Après des débuts discrets, ses enregistrements pour Das Alte Werk devaient lui ouvrir les portes d’une carrière exemplaire : pas un raté, pas un faux pas, pas un mauvais choix de répertoire, pas une concession à cette musique qu’il trouvait souvent « vulgaire » à partir du XIXe siècle, n’en déplaise aux adeptes de l’éclectisme d’aujourd’hui.
Pour autant, la vie palpable à chaque instant dans son travail, loin de toute archéologie, est à l’image de sa réflexion théorique sur la musique : elle ne doit être qu’un substrat à l’interprétation musicale, et l’érudition, l’application ne sauraient remplacer la personnalité, la maturité, l’intégrité ; raison pour laquelle, peut-être, le fondateur du Leonhardt-Consort, professeur émérite du Conservatoire d’Amsterdam, acolyte privilégié des Kuijken et chercheur infatigable, se limita volontairement à livrer son savoir par la seule voie de l’interprétation.

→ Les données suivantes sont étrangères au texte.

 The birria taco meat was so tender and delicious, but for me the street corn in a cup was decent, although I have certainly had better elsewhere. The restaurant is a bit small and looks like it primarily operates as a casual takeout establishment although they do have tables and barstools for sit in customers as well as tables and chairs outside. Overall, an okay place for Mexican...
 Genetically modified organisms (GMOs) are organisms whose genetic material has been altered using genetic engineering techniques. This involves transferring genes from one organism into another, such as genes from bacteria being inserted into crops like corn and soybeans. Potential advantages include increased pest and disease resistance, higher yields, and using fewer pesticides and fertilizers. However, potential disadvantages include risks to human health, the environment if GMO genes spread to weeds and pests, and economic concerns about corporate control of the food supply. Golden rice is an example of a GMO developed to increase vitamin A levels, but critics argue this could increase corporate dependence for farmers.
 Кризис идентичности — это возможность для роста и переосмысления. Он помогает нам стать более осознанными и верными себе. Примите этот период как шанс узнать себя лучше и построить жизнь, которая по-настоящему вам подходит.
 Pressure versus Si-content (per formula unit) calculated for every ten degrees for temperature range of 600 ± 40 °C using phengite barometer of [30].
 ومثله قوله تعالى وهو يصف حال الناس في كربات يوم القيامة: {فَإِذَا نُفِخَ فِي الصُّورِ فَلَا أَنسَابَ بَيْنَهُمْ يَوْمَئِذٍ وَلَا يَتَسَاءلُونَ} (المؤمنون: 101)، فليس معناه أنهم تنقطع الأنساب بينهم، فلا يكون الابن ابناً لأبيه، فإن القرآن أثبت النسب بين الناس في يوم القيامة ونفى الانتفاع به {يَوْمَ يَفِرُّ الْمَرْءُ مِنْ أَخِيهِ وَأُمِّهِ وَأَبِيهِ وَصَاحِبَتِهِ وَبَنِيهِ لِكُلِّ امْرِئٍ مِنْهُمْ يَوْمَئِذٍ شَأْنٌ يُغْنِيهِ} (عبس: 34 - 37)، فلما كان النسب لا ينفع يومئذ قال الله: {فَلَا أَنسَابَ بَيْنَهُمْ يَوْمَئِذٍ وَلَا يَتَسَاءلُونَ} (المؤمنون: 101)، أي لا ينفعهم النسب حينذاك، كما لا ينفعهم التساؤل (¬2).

On remarquera à ce titre le caractère exceptionnel de l’Art de la Fugue, dont il publia en 1952 une analyse qui fait encore autorité. Gageons que cette hauteur de vue, ce perfectionnisme scrupuleux et cet engagement passionné et inspiré ne se retrouveront pas de sitôt ; pour l’auditeur attentif, qui a vibré à l’enthousiasme tangible de la génération Leonhardt alors qu’elle redécouvrait des territoires oubliés depuis longtemps avec une intégrité confinant à la foi, il ne reste qu’un legs discographique passionnant et abondant, qui témoigne de la ferveur exemplaire d’un musicien philosophe.